A young writer wanted to write about bees. She had lots of facts — bees buzz, bees have stripes, bees make honey, bees help plants. "Great facts!" said Facta. "Now — what's the ONE big idea they all point to?" The writer thought. "Bees are… important?"
"Yes! 'Bees are important' is your main idea. Now every fact is a leaf on that branch."
Facta showed how to GROUP related facts. "Put the honey facts together. Put the helping-plants facts together." Grouping kept the writing from wandering. Then she added a fact under each group, with a linking word: Bees make honey. Also, they help plants make fruit.
Main idea up top, grouped details below. That's informative writing.

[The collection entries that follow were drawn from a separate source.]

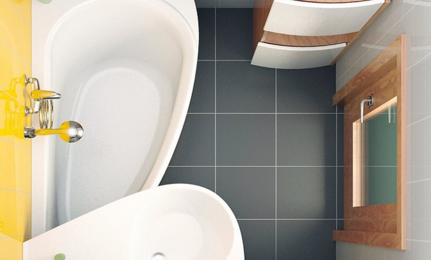 Вся сантехника должна быть выдержана в едином стиле и цветовой гамме. Для маленьких помещений лучше использовать угловые раковины и ванны, поскольку они позволяют освободить пространство.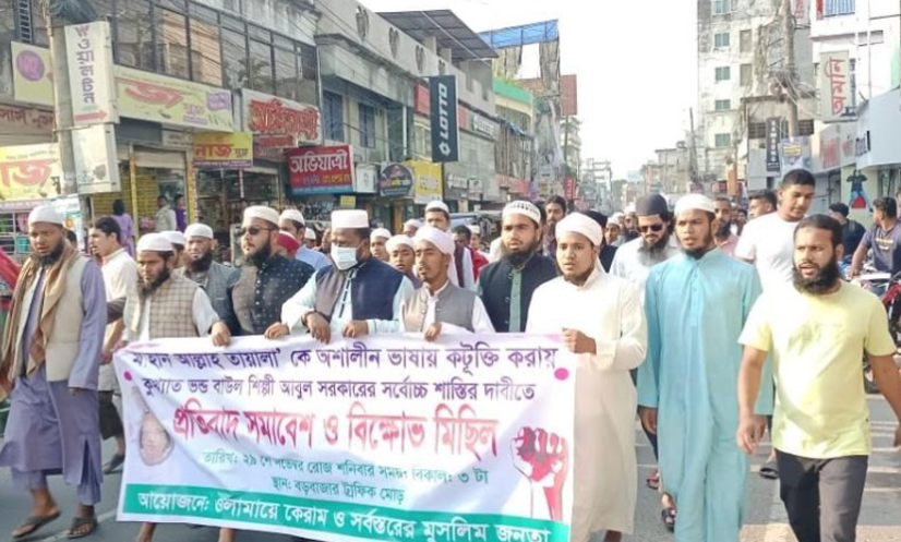 বক্তারা অভিযোগ করেন, বাউল শিল্পী আবুল সরকার মহান আল্লাহ তায়ালাকে নিয়ে অশালীন ও কটূক্তিমূলক বক্তব্য দিয়েছেন, যা কোনোভাবেই সহনীয় নয়।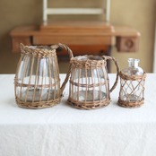 ナチュラルに、蔓を巻き付けたような雰囲気のガラスベース。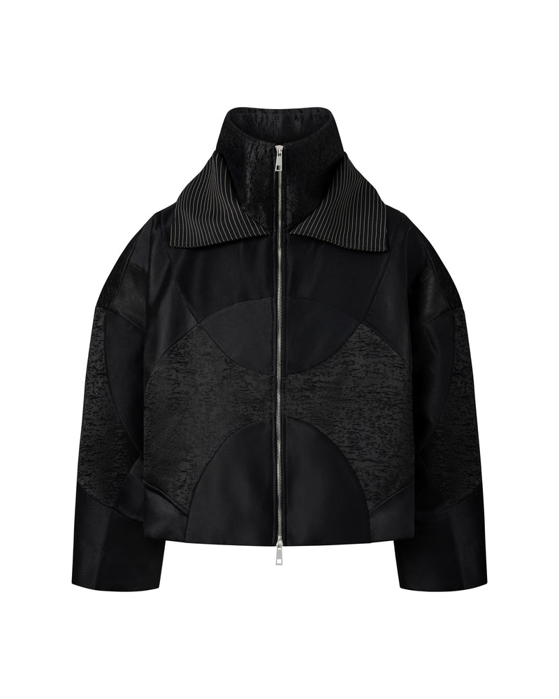 - The Beetle Patchwork Jacket is a unique, one-of-a-kind piece and the most special item from "The Beetle" collection. Featuring a boxy fit and sophisticated patchwork technique, this jacket is assembled from seven different fabrics—including twill cotton, satin, brocade, coarse linen, taffeta, twill linen, and khaki—bringing a unique depth of material and striking visual contrast.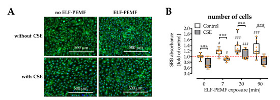 SCP-1 cell viability is affected by 16 Hz ELF-PEMFs (0, 7, 30, and 90 min) and 5% cigarette smoke extract (CSE). (A) Fluorescent Calcein-AM staining (2 µM, green) was used to visualize living cells, and Hoechst 33,342 (2 μg/mL, blue) was used as nuclear counterstain. (B) Sulforhodamine B (SRB) staining was used to quantify cell numbers by total protein content after 3 days. N = 3, n = 3. Data are presented as a box plot (Min to Max with single data points). Data were compared by non-parametric two-way ANOVA followed by Tukey’s multiple comparison test: *** p < 0.001 as indicated; # p < 0.05 ### p < 0.001 as compared to the respective control (no ELF-PEMF).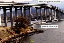 Specialists in marine engineering undertook an extensive investigation to locate bridge debris. This survey took several months to complete, and parts of the bridge weighing up to 500 tons were accurately located using equipment developed by the University of Tasmania and the Public Works Department. Maunsell and Partners were appointed consultants for the rebuilding project. The firm John Holland was awarded the construction contract.[15] Engineers decided not to replace pier 19 as there was too much debris on the site.[16] The Tasman Bridge was re-opened on 8 October 1977, nearly three years after its collapse.[1] The annual expenditures on the Tasman Bridge reconstruction were $1.7 m in 1974–75; $12.3 m in 1975–76; $13.2 m in 1976–77 and $6.1m in 1977–78.[17]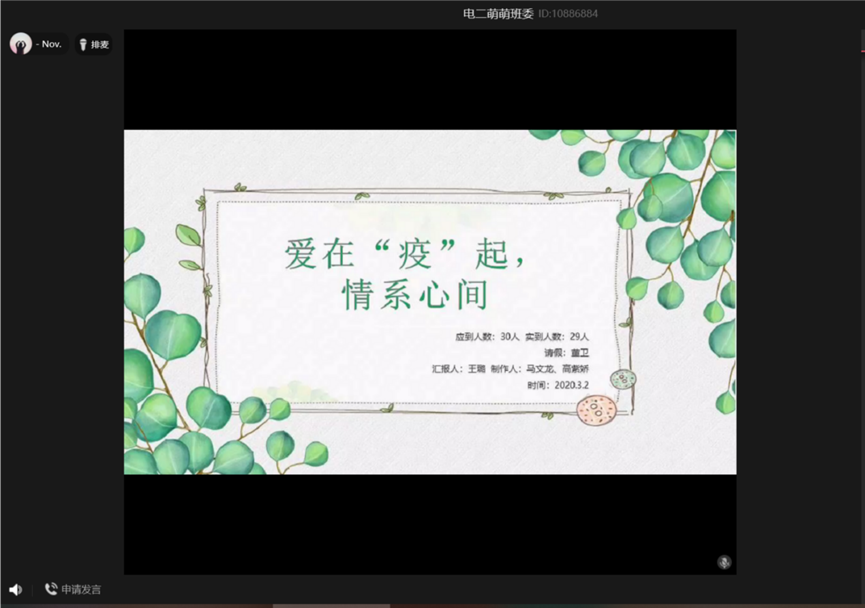 “豈曰無衣,與子同袍”在這場沒有硝煙的戰爭中,白衣戰士們奔赴前線,我們普通人更要守衛陣營。為此,2020年3月9日下午3時,我們電商二班除了有一名同學有事請假外,其他同學通過QQ直播的形式展開了一場“愛在‘疫’起,情系心間”的班級主題團會,牢牢抓住彼此的手,共同守衛我們的陣營。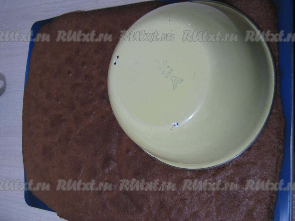 После того как корж готов, мы аккуратно его выкладываем на стол вместе с бумагой. Берём чашку объемом 1,5 литра и с краю коржа вырезаем круг.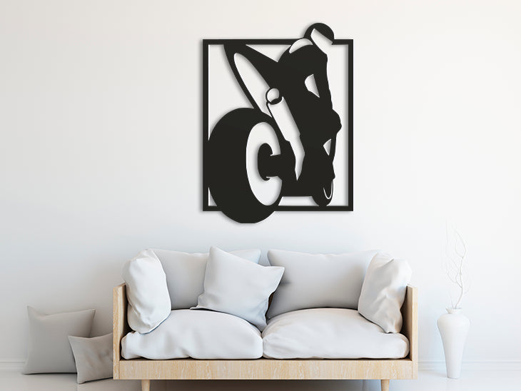 Αυτό το δυναμικό διακοσμητικό απεικονίζει μια μοτοσυκλέτα σε εντυπωσιακή κλίση, αποδίδοντας την απόλυτη αίσθηση της ταχύτητας και της ελευθερίας. Με σύγχρονο γεωμετρικό σχεδιασμό, αποτελεί το ιδανικό κομμάτι για τους λάτρεις των μηχανών που θέλουν να δώσουν έναν industrial και "rebel" χαρακτήρα στον χώρο τους.

A lab-mate mixed in "and bees are the BEST bug." Facta blinked kindly. "That's an OPINION — what you think. Informative writing sticks to FACTS you can check." She showed the difference: bees make honey (fact) vs bees are the best (opinion). No shame — just a gentle sort.
Knowing fact from opinion is a writer's superpower.
By the end, the young writer had a clear, factual paragraph that actually taught something.
"Someone could really learn from this!" she realized.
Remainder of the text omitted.